(WORK INSTRUCTIONS) Below is a listing. Write out exactly its lines between the one holding "Contact Methods. Close-up" and the one holding "鄱阳湖大课堂(第7讲)由中华", inclusive.

(EXERCISE DATA Opens)

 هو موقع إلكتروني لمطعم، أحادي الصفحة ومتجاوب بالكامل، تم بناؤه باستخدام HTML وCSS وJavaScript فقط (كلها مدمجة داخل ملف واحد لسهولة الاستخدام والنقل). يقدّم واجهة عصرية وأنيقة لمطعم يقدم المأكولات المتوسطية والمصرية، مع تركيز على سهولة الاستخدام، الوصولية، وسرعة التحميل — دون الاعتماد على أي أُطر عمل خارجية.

(EXERCISE DATA Closes)
(EXERCISE DATA Opens)

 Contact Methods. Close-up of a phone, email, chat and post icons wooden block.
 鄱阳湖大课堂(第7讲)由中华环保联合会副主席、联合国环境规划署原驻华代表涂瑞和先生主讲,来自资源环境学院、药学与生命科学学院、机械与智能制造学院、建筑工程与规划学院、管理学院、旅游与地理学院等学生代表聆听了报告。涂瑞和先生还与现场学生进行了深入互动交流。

(EXERCISE DATA Closes)

(TASK SOLUTION)
 Contact Methods. Close-up of a phone, email, chat and post icons wooden block.
 鄱阳湖大课堂(第7讲)由中华环保联合会副主席、联合国环境规划署原驻华代表涂瑞和先生主讲,来自资源环境学院、药学与生命科学学院、机械与智能制造学院、建筑工程与规划学院、管理学院、旅游与地理学院等学生代表聆听了报告。涂瑞和先生还与现场学生进行了深入互动交流。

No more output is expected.